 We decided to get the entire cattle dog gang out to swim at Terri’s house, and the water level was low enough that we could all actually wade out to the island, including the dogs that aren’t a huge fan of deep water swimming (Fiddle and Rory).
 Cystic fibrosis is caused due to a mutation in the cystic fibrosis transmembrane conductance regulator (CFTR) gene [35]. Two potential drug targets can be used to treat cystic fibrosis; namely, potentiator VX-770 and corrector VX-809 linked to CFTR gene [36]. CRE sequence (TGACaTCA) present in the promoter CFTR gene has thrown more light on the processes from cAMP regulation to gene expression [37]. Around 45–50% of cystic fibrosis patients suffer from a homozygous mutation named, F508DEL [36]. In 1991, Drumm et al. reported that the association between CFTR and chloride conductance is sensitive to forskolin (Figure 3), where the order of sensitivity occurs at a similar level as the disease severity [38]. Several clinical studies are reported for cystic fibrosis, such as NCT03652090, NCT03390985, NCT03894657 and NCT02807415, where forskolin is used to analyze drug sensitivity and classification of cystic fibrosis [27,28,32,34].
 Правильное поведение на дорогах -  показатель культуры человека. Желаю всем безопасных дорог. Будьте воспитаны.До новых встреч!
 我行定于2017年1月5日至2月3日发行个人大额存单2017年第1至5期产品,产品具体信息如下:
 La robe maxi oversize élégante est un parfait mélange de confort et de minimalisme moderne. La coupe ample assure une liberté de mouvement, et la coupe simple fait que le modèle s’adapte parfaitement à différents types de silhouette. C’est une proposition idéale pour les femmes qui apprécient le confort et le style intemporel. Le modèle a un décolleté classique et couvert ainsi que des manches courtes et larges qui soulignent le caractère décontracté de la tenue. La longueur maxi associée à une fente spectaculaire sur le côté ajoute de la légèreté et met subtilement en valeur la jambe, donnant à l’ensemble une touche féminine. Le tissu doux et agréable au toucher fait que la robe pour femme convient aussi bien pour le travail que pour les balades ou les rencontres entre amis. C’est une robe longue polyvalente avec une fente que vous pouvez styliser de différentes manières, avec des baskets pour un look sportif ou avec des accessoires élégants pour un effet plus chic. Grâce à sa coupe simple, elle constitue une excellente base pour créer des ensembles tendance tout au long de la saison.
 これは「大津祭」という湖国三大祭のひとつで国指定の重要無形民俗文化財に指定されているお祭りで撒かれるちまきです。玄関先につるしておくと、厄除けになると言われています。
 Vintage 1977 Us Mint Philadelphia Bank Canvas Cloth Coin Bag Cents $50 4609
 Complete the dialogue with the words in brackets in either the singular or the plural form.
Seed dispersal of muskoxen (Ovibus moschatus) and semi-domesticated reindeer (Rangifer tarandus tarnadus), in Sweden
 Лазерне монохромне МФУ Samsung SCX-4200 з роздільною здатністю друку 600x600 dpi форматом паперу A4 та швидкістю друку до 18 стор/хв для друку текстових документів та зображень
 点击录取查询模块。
== == ==
* **Exercise objective**
Reproduce the lines word for word, starting at the one holding "Complete the dialogue" and ending at the final line of the material above.

* **Solved problem**
 Complete the dialogue with the words in brackets in either the singular or the plural form.
Seed dispersal of muskoxen (Ovibus moschatus) and semi-domesticated reindeer (Rangifer tarandus tarnadus), in Sweden
 Лазерне монохромне МФУ Samsung SCX-4200 з роздільною здатністю друку 600x600 dpi форматом паперу A4 та швидкістю друку до 18 стор/хв для друку текстових документів та зображень
 点击录取查询模块。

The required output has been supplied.